Thus, it is crucial to identify and choose genotypes that possess a good genetic potential for the efficiency of N to optimize crop production while minimizing the use of N fertilizers. Sylvester-Bradley and Kindred [8] proposed an alternative objective for N uptake and utilization. They defined the economic N optimum as the amount of N needed to maximize earnings by maximizing yields and minimizing input expenses.

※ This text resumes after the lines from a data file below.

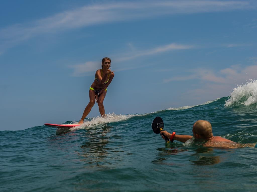 Завтрак, твой первый урок сёрфинга: знакомство с инструкторами, теория и практическое занятие. После урока делаем легкий стрейчинг, ориентированный на проработку мышц, задействованных во время серфинга.
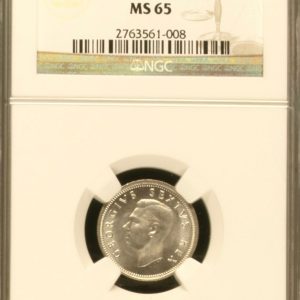 Lot 8: South Africa: Union George V Silver 6 Pence of 1933 MS 64 NGC.
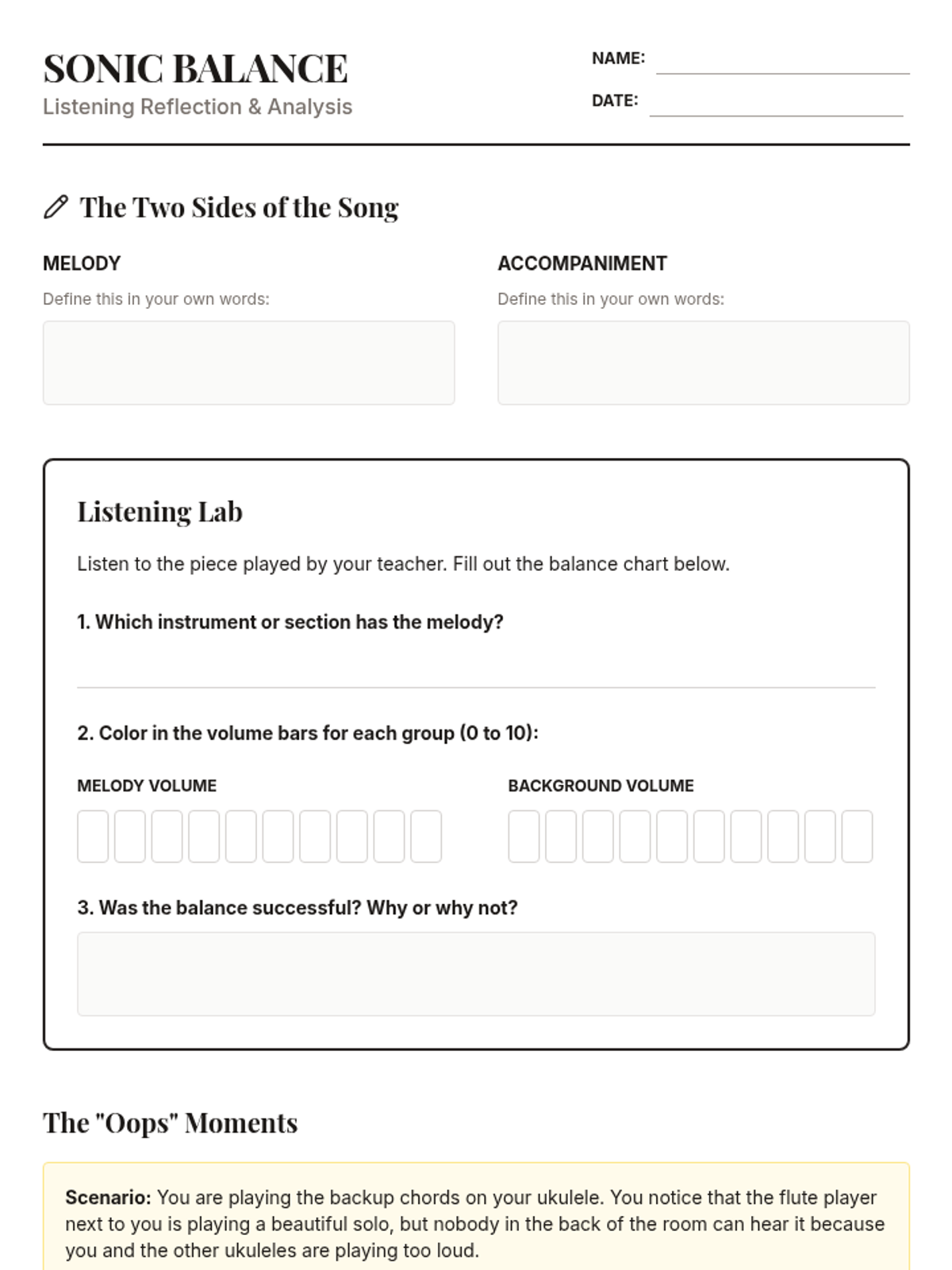 A comprehensive introduction to the four families of the orchestra for 2nd graders. Students explore timbre, mechanics, and historical roles of strings, woodwinds, brass, and percussion, culminating in a conductor simulation.
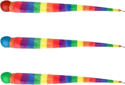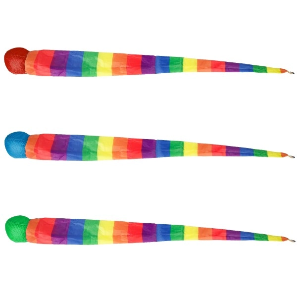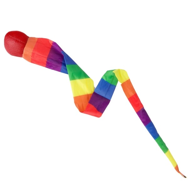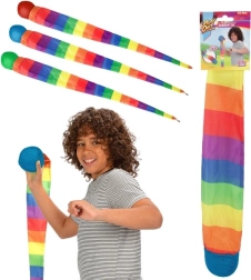 Odkrijte igračo, ki prinaša zabavo med gibanjem! Žogica z repom je dolga 100 cm, kar zagotavlja razburljive igralne izkušnje ob vsakem metu. Mavrične barve pritegnejo pozornost otrok in jih spodbujajo k aktivni igri, kar je idealno za razvoj njihovih motoričnih spretnosti in koordinacije rok in oči. Uživajte ure zabave na vrtu, v parku ali doma.

It is clear from the economic N optimal that N responsiveness is needed to improve N uptake and utilization, although it cannot be used as a breeding target [41]. Sylvester-Bradley et al. [42] reported that the responsiveness of genotypes to varying levels of N might facilitate the screening of cultivars with high responsiveness to both high and low levels of N. In a study by De Oliveira Silva et al. [43], it was found that genotypes with high mean response and high variability in the response to intensified management (IM) across years could offer greater opportunities for producers to maximize yield as those genotypes showed greater yield gain from IM when conditions favored their response.

Furthermore, the intensive use of N fertilizers in agricultural regions has led to serious environmental problems associated with the enrichment of the atmosphere, soil, and water with various forms of N [44]. Overuse of N fertilization can lead to environmental issues such as eutrophication, greenhouse gas emissions, and nitrate pollution.

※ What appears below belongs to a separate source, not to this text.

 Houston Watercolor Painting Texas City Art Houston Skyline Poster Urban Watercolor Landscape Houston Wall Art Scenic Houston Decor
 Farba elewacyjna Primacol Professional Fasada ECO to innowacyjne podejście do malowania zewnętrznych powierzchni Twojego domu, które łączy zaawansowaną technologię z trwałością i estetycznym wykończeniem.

Therefore, the implementation of optimal N fertilization management is crucial to achieve a more favorable N balance and reduce environmental hazards. To maximize wheat yield while minimizing environmental problems associated with N use, it is recommended to use a suitable N rate for each genotype that considers regional weather and soil conditions.

Partial N balance (PNB) analysis provides valuable insights into N dynamics concerning their uptake in relation to the applied N within the system. Regarding nitrogen (N), PNB values were consistently above one in various wheat genotypes, except for ‘HD 3236’ with a value of 0.96. This data revealed that N removal was greater than the applied N inputs. However, N was supplied from diverse sources, such as irrigation water, atmospheric N, etc.

Internal Nitrogen Use Efficiency (IE_N) refers to the quantitative assessment of a crop’s inherent ability to transform nitrogen derived from various sources into the ultimate economic yield [45]. High IE_N indicates N deficiency, and low IE_N implies poor internal nitrogen conversion due to various stresses (nutrient deficiency and toxicity, drought, heat stress, pests, etc.) [46]. In this experiment, IE_N spanned from 33.2 to 42 kg kg⁻¹ (mean: 36.3 kg kg⁻¹), which was below the IE_N of 62.3 kg kg⁻¹, reported by [47]. This value lies between the IE_N range (18.30–65.90 kg kg⁻¹) observed in cereal-based systems [48].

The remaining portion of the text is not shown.